» TASK TO COMPLETE: Repeat, word for word and with nothing added, each line from the one containing "Visionking 20x50 ручной" to the final line of the data, keeping both ends. Pictures are not part of the copy.

» INFORMATION GIVEN:
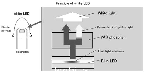圖14. 一般白光LED(藍(lán)光LED+熒光粉)發(fā)光原理
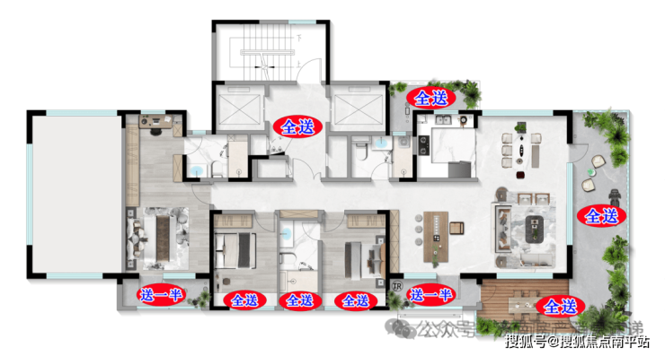 以200平为例,产证外的面积包含东西两端的花园及露台,南侧的阳台(算一半面积)及三个飘窗,北侧的阳台,电梯前厅。全算下来有超80平的赠送面积
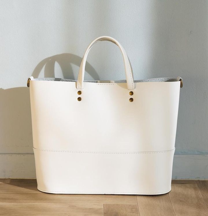 たっぷり収納の白レザートート
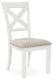 Fabric;Wood Products and Other, Dining UPH Side Chair (2/CN), Light, Made with solid wood frame;Antiqued white finish with grain texture;Light gray polyester upholstery;Nailhead trim;X-back;Assembly required
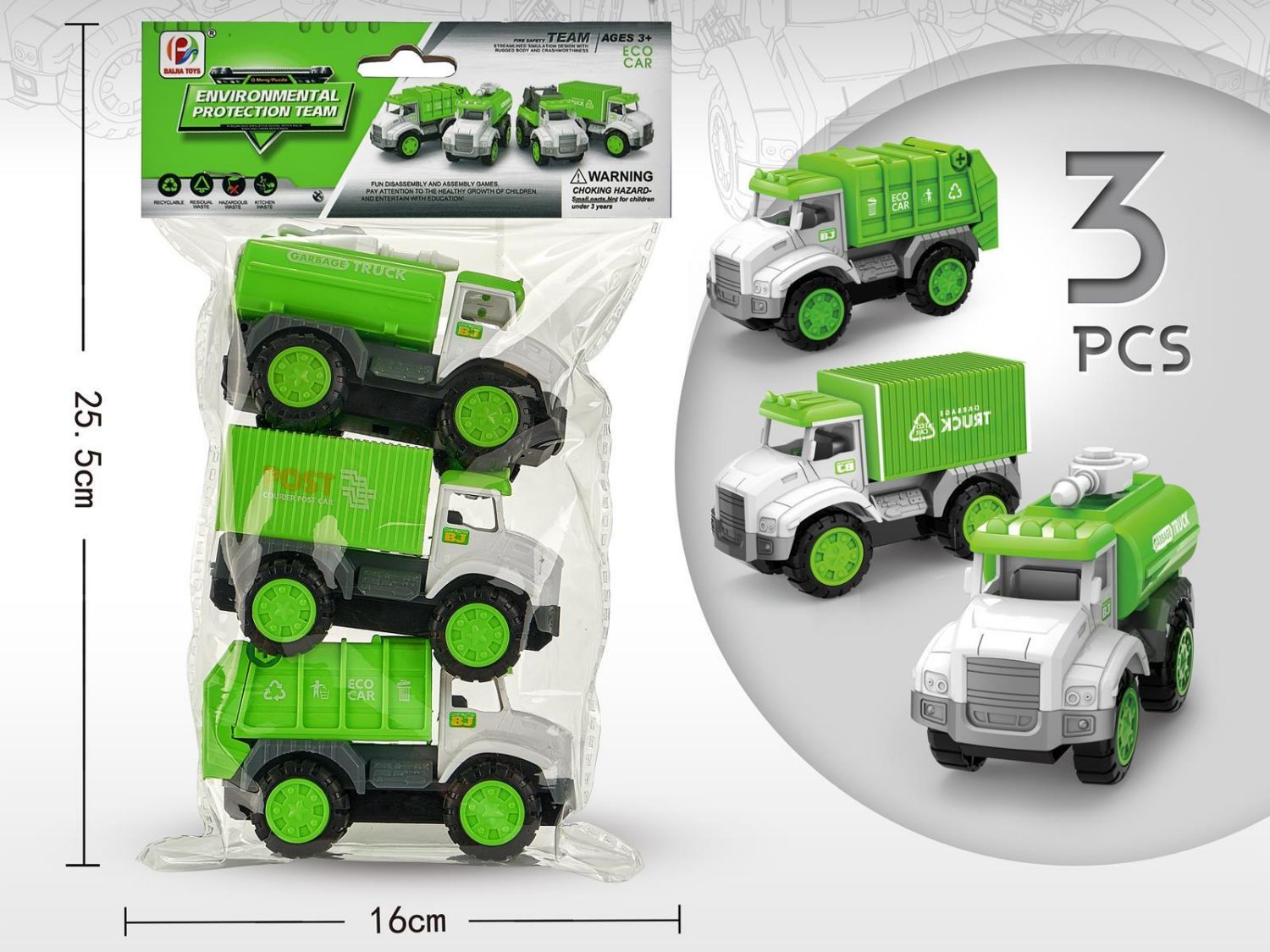 8A-S16565 FRICTION POWER SANITATION TRUCK SET-3PCS
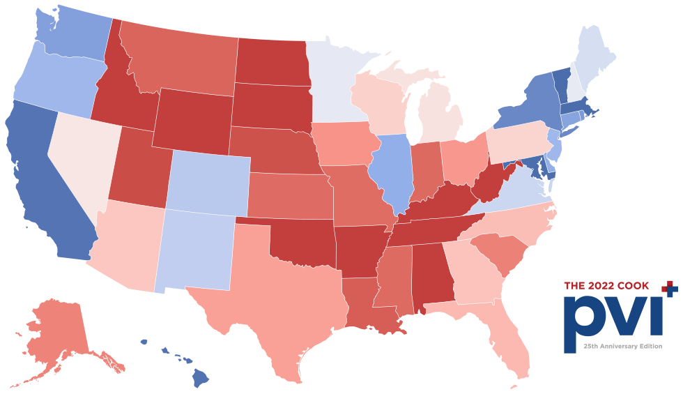 'Party' column classifies each state as 'Democratic' or 'Republican' based on a political science measurement called the Cook Partisan Voter Index.
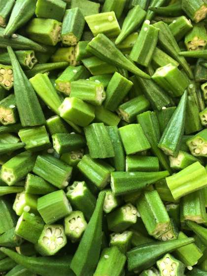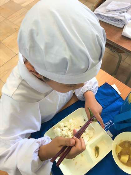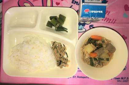 今日の献立は、ごはん・豚肉とじゃがいもの煮もの・オクラの梅風味・ツナっ葉いため・牛乳です。
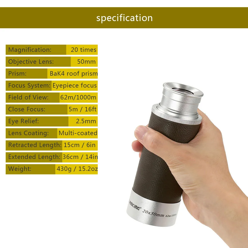 Visionking 20x50 ручной масштабируемый Монокуляр складной карманный монокулярный телескоп для путешествий с сумкой для переноски
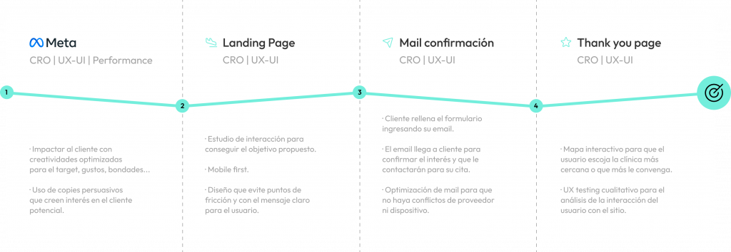 En cada uno de los pasos, se ha optimizado para evitar todos los puntos de fricción que se pueda encontrar el usuario con nuestra comunicación.
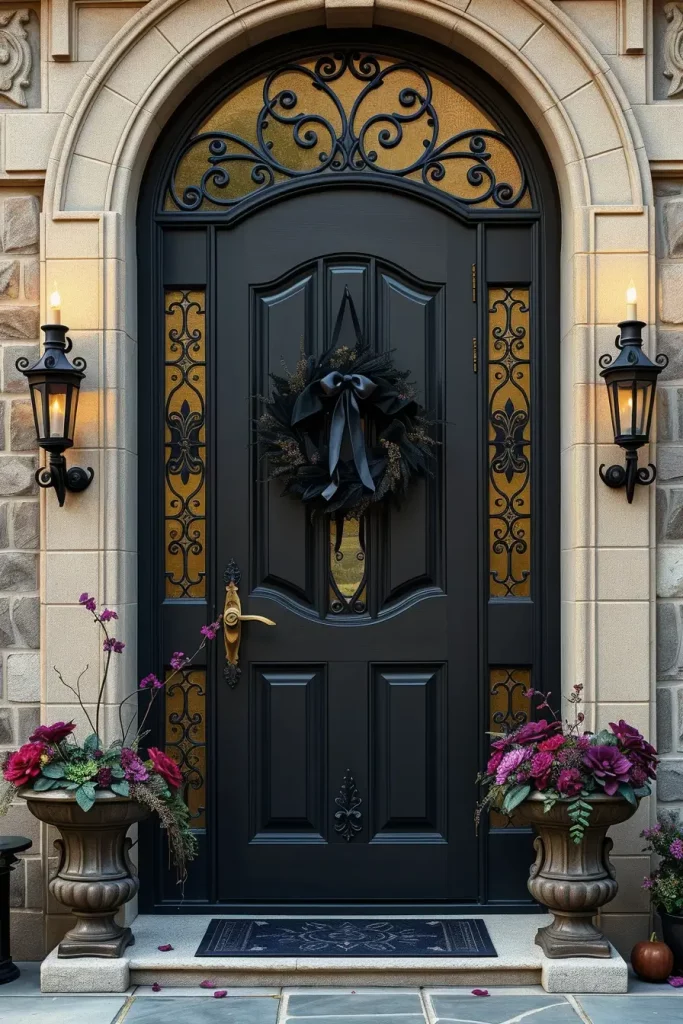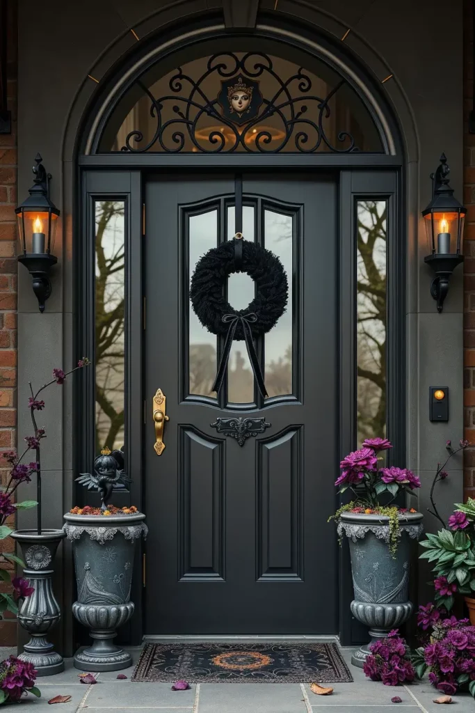 Black doors have been a Halloween staple, but in 2025, it is all about making them elegant with minor gothic touches. I tend to start with a matte or satin black base and add some depth using baroque style corbels or faux cast-iron appliques. It is a style that is perfect in both traditional and contemporary homes especially those that have neutral siding or lack of details.
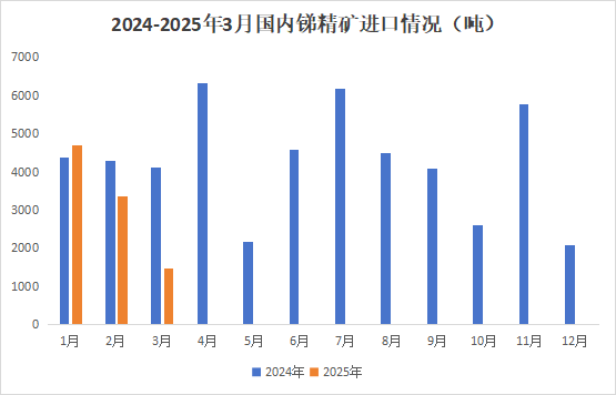 據(jù)海關統(tǒng)計數(shù)據(jù)顯示,2025年3月中國銻礦砂及精礦進口量為1483.0噸,環(huán)比下降55.8%,同比下降63.9%;1-3月銻礦砂及精礦進口量為9530.2噸,同比下降25.5%。
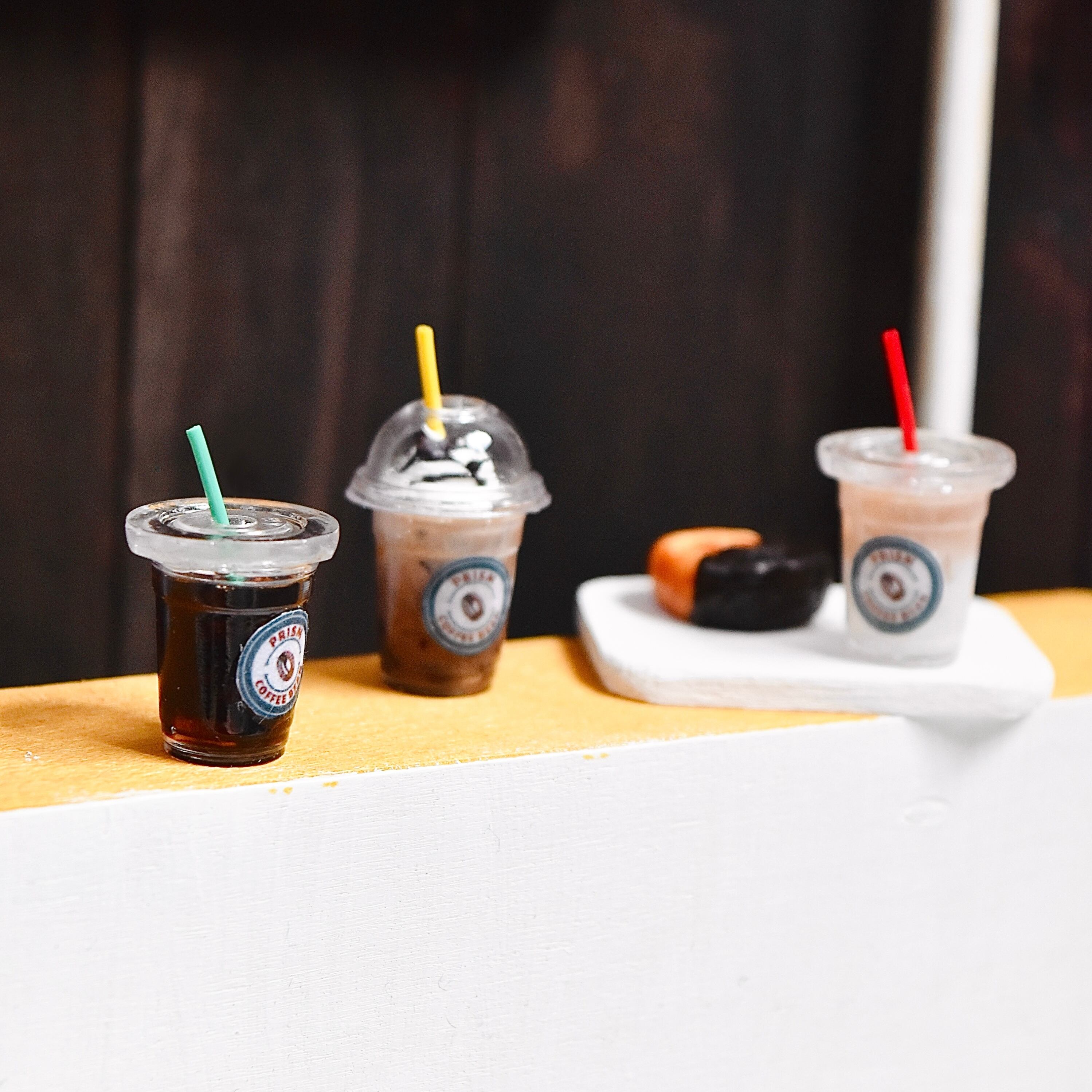 レトロかわいいカフェのメニューをイメージした、オリジナルカフェドリンクのミニチュアです。

» SOLUTION TO THE EXERCISE:
 Visionking 20x50 ручной масштабируемый Монокуляр складной карманный монокулярный телескоп для путешествий с сумкой для переноски
 En cada uno de los pasos, se ha optimizado para evitar todos los puntos de fricción que se pueda encontrar el usuario con nuestra comunicación.
 Black doors have been a Halloween staple, but in 2025, it is all about making them elegant with minor gothic touches. I tend to start with a matte or satin black base and add some depth using baroque style corbels or faux cast-iron appliques. It is a style that is perfect in both traditional and contemporary homes especially those that have neutral siding or lack of details.
 據(jù)海關統(tǒng)計數(shù)據(jù)顯示,2025年3月中國銻礦砂及精礦進口量為1483.0噸,環(huán)比下降55.8%,同比下降63.9%;1-3月銻礦砂及精礦進口量為9530.2噸,同比下降25.5%。
 レトロかわいいカフェのメニューをイメージした、オリジナルカフェドリンクのミニチュアです。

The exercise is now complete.